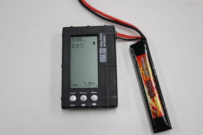 使用しているバッテリーがLipoバッテリーだった場合には、画像みたいに残量の確認、ニッケル水素の場合には、そのまま予備のバッテリーを挿すか一度充電しなおして銃につけて動作チェックをしよう!!
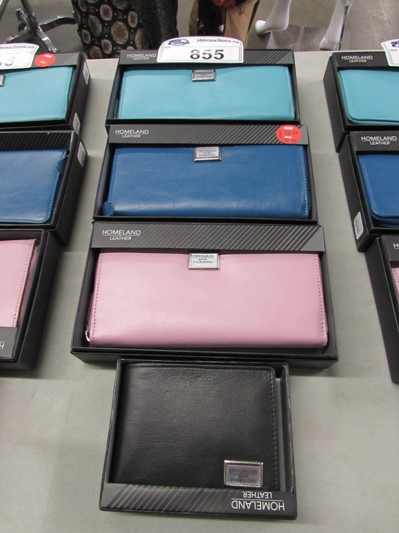 TURQUOISE HOMELAND RFID LEATHER WALLET, BLUE HOMELAND RFID LEATHER WALLET, PINK HOMELAND RFID LEATHER, BLACK HOMELAND RFID LEATHER WALLET (ENGRAVABLE) APPROX RP $250
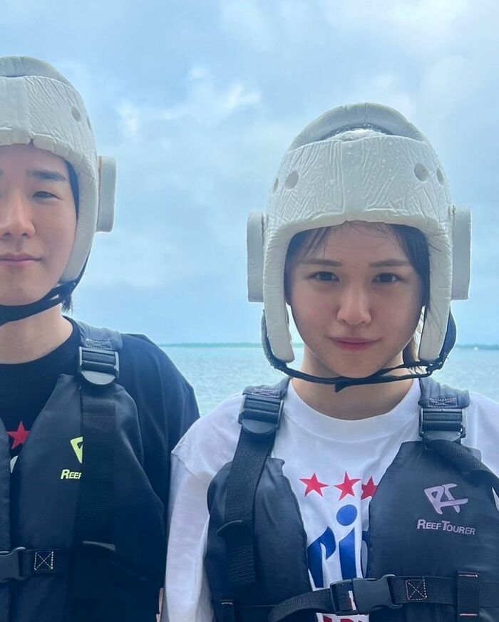 食事の様子だけでなく、マリンアクティビティをしたことも報告。ヘルメットをかぶって、カメラをじっと見つめるシュールなショットを見せています。
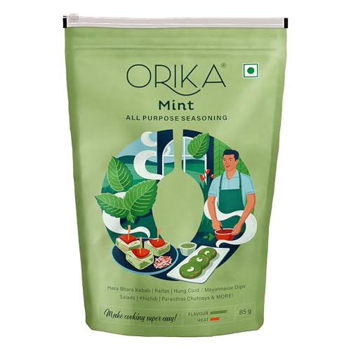 Orika mint seasoning can be used to make dishes like pudina parathas yogurt based dips pesto dips and salads fresh mint tea hara bhara kebabs chutneys biryani raita and mint flavoured icecreams. meat fish biryani raita fresh mint tea curry chutney jui
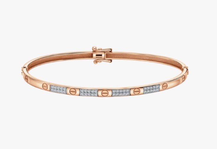 This exquisite bangle blends the warmth of rose gold with the brilliance of cubic zirconia for a look that is both modern and timeless. The sleek band is accented with signature screw motifs and shimmering stone details, creating a perfect balance of strength and elegance. Designed for effortless sophistication, it can be worn as a solo statement or stacked for a bold, layered style.
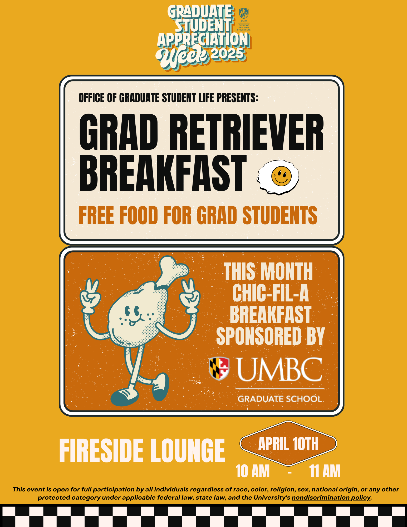 Graduate students, start your day off right! Enjoy FREE breakfast and coffee with your fellow Grad Retrievers next week. Join us for good food and good company, you'll also have a chance to meet with your graduate school leadership! This month's Chic-fil-a breakfast is sponsored by The Graduate School. Food Available While Supplies Last.
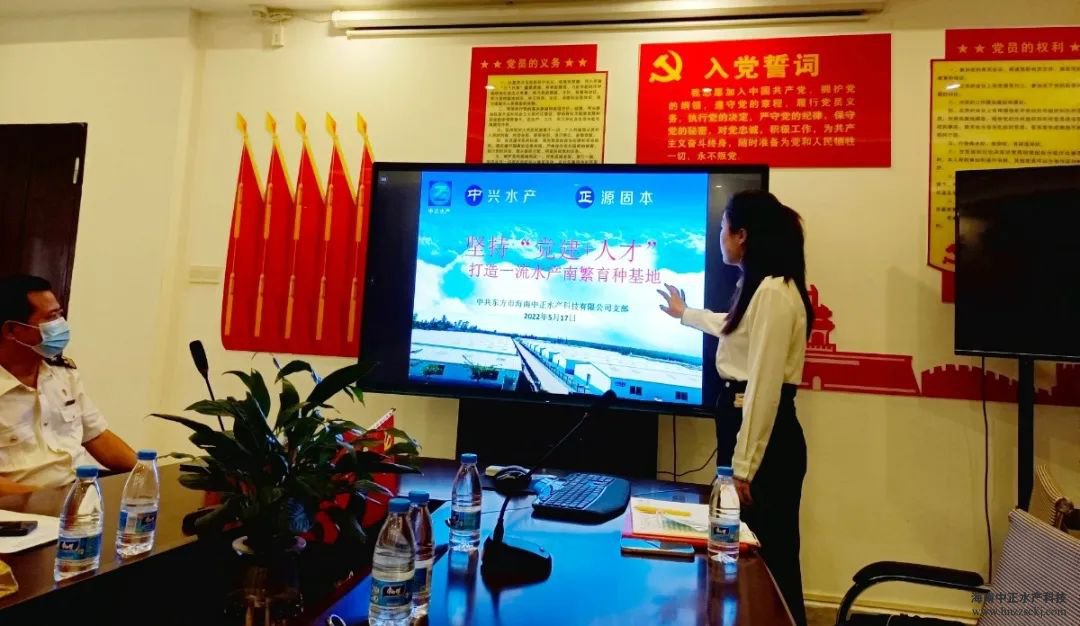 中正水產(chǎn)周博就公司黨建工作與親蝦繁育情況做了匯報(bào),中正黨支部始終堅(jiān)持以黨建為引領(lǐng),發(fā)揮企業(yè)科技等優(yōu)勢(shì),實(shí)施 “黨建+”模式,主動(dòng)擔(dān)當(dāng)企業(yè)社會(huì)責(zé)任,努力打造一流水產(chǎn)南繁種業(yè)基地,為海南自由貿(mào)易港建設(shè)添磚加瓦。
-------
■ **WHAT YOU WILL DO**:
Go through the material above and repeat it exactly. Omit the pictures.

■ **TASK RESULT**:
 使用しているバッテリーがLipoバッテリーだった場合には、画像みたいに残量の確認、ニッケル水素の場合には、そのまま予備のバッテリーを挿すか一度充電しなおして銃につけて動作チェックをしよう!!
 TURQUOISE HOMELAND RFID LEATHER WALLET, BLUE HOMELAND RFID LEATHER WALLET, PINK HOMELAND RFID LEATHER, BLACK HOMELAND RFID LEATHER WALLET (ENGRAVABLE) APPROX RP $250
 食事の様子だけでなく、マリンアクティビティをしたことも報告。ヘルメットをかぶって、カメラをじっと見つめるシュールなショットを見せています。
 Orika mint seasoning can be used to make dishes like pudina parathas yogurt based dips pesto dips and salads fresh mint tea hara bhara kebabs chutneys biryani raita and mint flavoured icecreams. meat fish biryani raita fresh mint tea curry chutney jui
 This exquisite bangle blends the warmth of rose gold with the brilliance of cubic zirconia for a look that is both modern and timeless. The sleek band is accented with signature screw motifs and shimmering stone details, creating a perfect balance of strength and elegance. Designed for effortless sophistication, it can be worn as a solo statement or stacked for a bold, layered style.
 Graduate students, start your day off right! Enjoy FREE breakfast and coffee with your fellow Grad Retrievers next week. Join us for good food and good company, you'll also have a chance to meet with your graduate school leadership! This month's Chic-fil-a breakfast is sponsored by The Graduate School. Food Available While Supplies Last.
 中正水產(chǎn)周博就公司黨建工作與親蝦繁育情況做了匯報(bào),中正黨支部始終堅(jiān)持以黨建為引領(lǐng),發(fā)揮企業(yè)科技等優(yōu)勢(shì),實(shí)施 “黨建+”模式,主動(dòng)擔(dān)當(dāng)企業(yè)社會(huì)責(zé)任,努力打造一流水產(chǎn)南繁種業(yè)基地,為海南自由貿(mào)易港建設(shè)添磚加瓦。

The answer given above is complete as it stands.